Bu sorunu çözmek için, hücrelerin birleşmesi ve çevreleri ECM protein fıbriller düzenlemek, sentez yolu taklit bizim araştırma çabalarını odaklanmıştır. Belirli fibrillogenesis süreci farklı ECM proteinleri için değişmekle birlikte, tipik olarak, ECM protein molekülünde yapısal bir değişiklik şifreli montajı çok siteleri ortaya bir enzimatik ya da reseptör aracılı etkileşim tarafından tetiklenir. Burada daha iyi fibrillogenesis süreci anlamak için bir model sistem olarak FN kullanın. Kısaca, FN homodimerleri 10 tip II olarak RGD amino asit dizisi vasıtasıyla hücre yüzeyi üzerindeki integrin alıcıları için bağlananBen birim tekrarlayın. Bir kez bağlı, integrinler aktomizin daralması yoluyla ayrı hareket ve şifreli öz-montaj siteleri maruz FN dimerlerini açılmak. Bu FN-FN bağlanma sitelerinin maruz doğru hücre yüzeyi ¹⁵ çözünmeyen bir fibril halinde birleştirmek için FN dimerler sağlar.

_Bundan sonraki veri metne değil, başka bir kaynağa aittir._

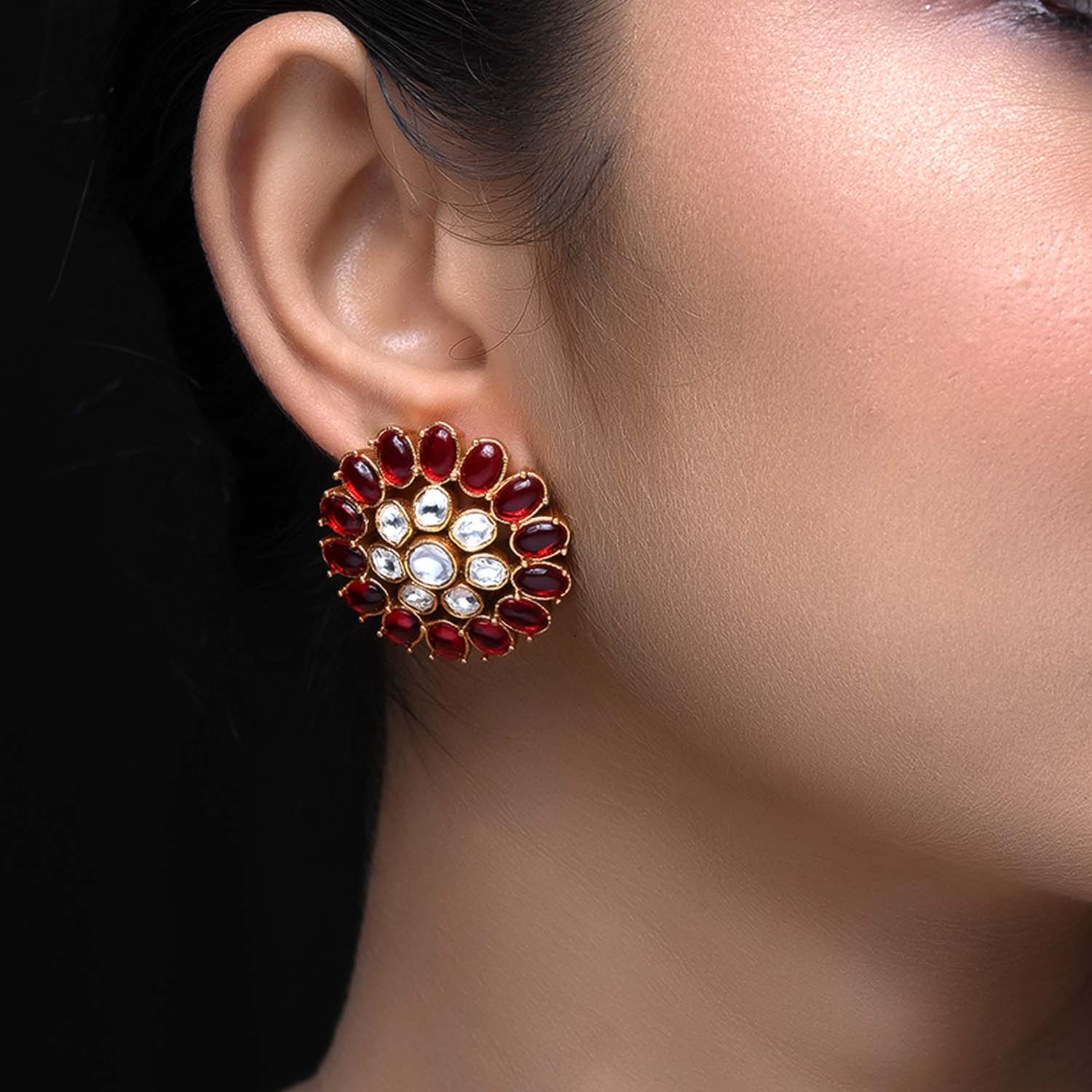 Stunning Kundan and colored stone tops in maroon with gold plated brass metal
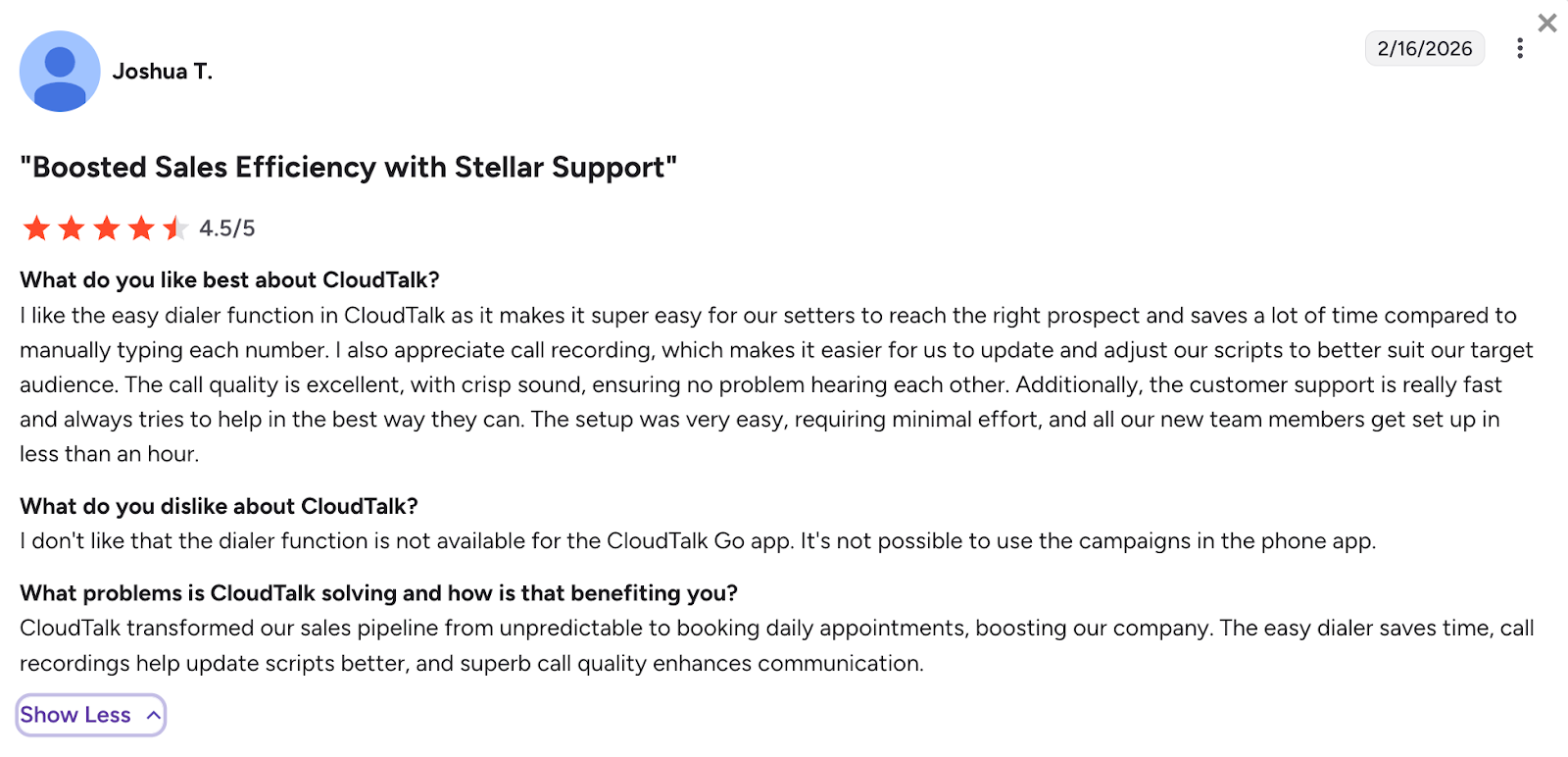 There's no minimum user requirement, which means a solo freelance setter can sign up, get a number, and start calling within minutes. No contracts, no onboarding calls, no IT setup.
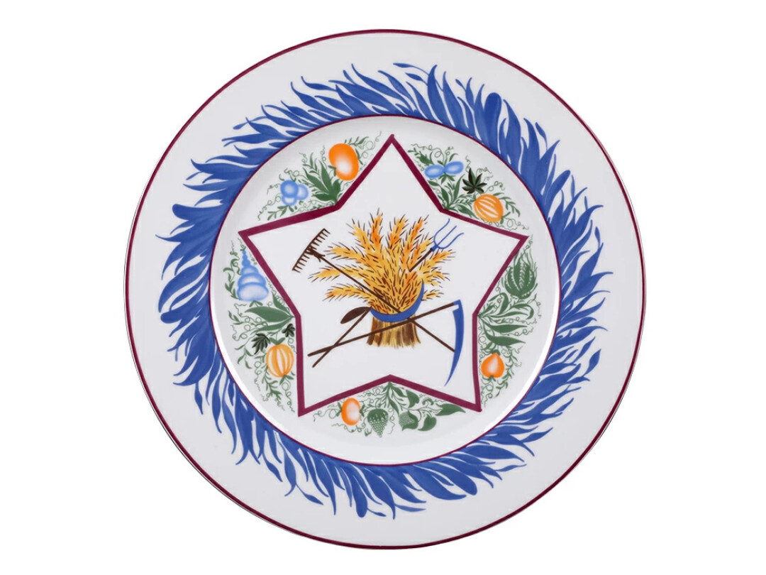 Чашки, блюдца и сервизы «Императорского фарфорового завода» — всегда беспроигрышный вариант подарка на любые праздники: от юбилеев, свадеб и Дня взятия Бастилии до, конечно, Нового года. Любителям мира искусства и «Мира искусства» предлагаем сразу кликать на раздела сайта «ИФЗ» «Коллекционеру». Там среди фигурок «Милосердие», «Ночь» и «Матрос со знаменем» притаилась, как дракон в фильме Энга Ли, тарелка «Большая звезда со снопом». Это реплика, воссозданная по оригиналу 1921 года из коллекции Эрмитажа. Автором композиции для агитационного фарфора стал худрук завода с 1918-го Сергей Чехонин (ученик Репина, среди прочего помогавший Врубелю с майоликами).
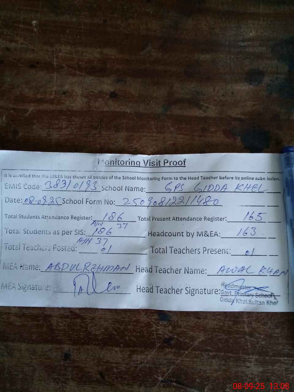 | EMIS Code: 38310193 | Name of School: GPS GIDDA KHEL | |||

Hücresiz sistemlerde çalışma şifreli FN-FN bağlanma yerleri, bir hava-sıvı-katı ara ^17-19 at denatüranlar ¹⁶ ya da yüzey gerilimini kullanan açılımı ile ortaya edilebileceğini göstermiştir. Bununla birlikte, bu teknikler ile oluşturulan FN lifler belli bir lif boyutunda ve geometrileri ile sınırlıdır ve tipik olarak bir yüzey bağlanmıştır.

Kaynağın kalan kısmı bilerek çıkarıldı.